That’s essentially a simple form of mathematical modelling of a physical problem, and using this model, we can derive (true) statements about physical reality: if we remove 3 apples from our stash of 7, we’re left with 4.

Now why, you might ask, does this operation we’ve just performed – subtraction – relate to the physical world at all? Basically, this is due to the construction of the natural numbers, also called counting numbers: each natural number has a successor which is also a natural number, and the natural numbers are well ordered, which means that for two numbers m != n (!= : ‘not equal’), either the relation m > n or m < n must hold (so, one of them’s the bigger one).

This means we can count the apples: we identify the smallest number of apples we can possess with the smallest element of the natural numbers (0 or 1, depending on whether you’d say that no apples is a number of apples as well – let’s just go with 1, the reasoning will be identical in this case), and gradually add apples to our stash, and identify each subsequently larger number of apples with the next element in the natural numbers – 2 apples, 3 apples, and so forth.

Then, we can define the addition of apples: adding a given number of apples to our stash is the same as adding the two representative natural numbers (the amounts of apples in each stash), because if you add 4 apples to 3 apples, it’s the same as adding one apple 4 times.

And subtraction, then, works exactly the same way, only by removing apples, and using the predecessor in the natural numbers as representation of your amount of apples until you’ve got none left.

Now, why did I go through all of this in all its ridiculous detail?
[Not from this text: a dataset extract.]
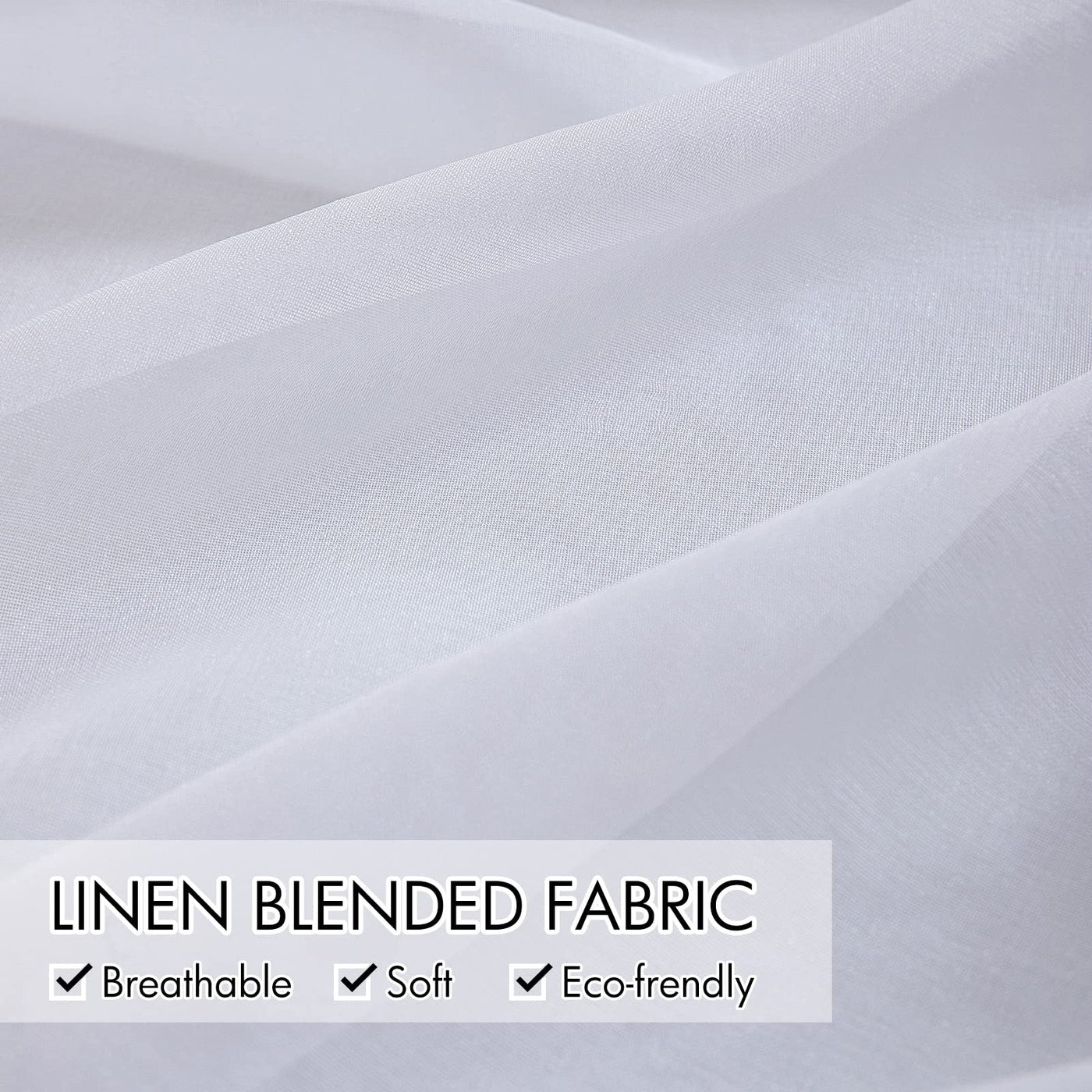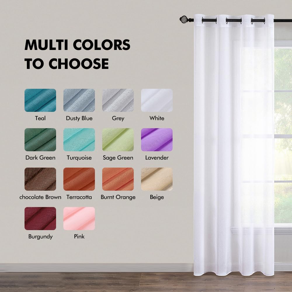 PACKAGE - Sold as 2 solid sheer curtain panels. Each panel measures 54 inch wide x 84 inch length. Total width is 108 inch width. The Inner diameter of grommet is 1.6 inches (4cm). 8 silver metal rings on top to suit with standard or decorative curtain rod. LINEN LOOK MATERIAL - These sheer curtains adopt high-quality faux linen textured fabric, which is soft, lightweight and durable. It looks more special and elegant in an aesthetic feeling, perfect for modern and casual style. SEMI-TRANSPARENT - With using the linen textured material, sheer drapes help to enhance privacy while still letting sunlight coming through. Do stop the light glare and give you light & airy feel. GOOD DECORATION - Curtains suitable for most of windows and shutters, it also can be hung separately or paired with other curtains. Ready made to match your blackout curtains, velvet curtains, curtain valances, blinds or any window treatments. Also can be used a divider between our bedroom and sitting room. EASY CARE - Machine washable in cold water, gentle cycle, tumble dry. Cool iron if needed.The wrinkles will press out easy with a light setting iron if needed. Do Not Bleach.

Because, essentially, that’s how all mathematical modelling works: identifying a physical property (number of apples) with a mathematical object (natural number), and then manipulating that object according to the rules of an appropriate structure (the set of the natural numbers, in this case).

Thus, if your identification is correct, you can derive valid predictions from your manipulation of abstract mathematical concepts, the same way we can say that we’ll have 4 apples left from our previous 7 if we eat 3.

Nitpick: In technical terms, you appear to be discussing the property of being “linearly ordered”, also known as “totally ordered”. That the natural numbers are furthermore “well ordered” is the stronger claim that, to put it one way, there are no infinitely descending sequences of natural numbers.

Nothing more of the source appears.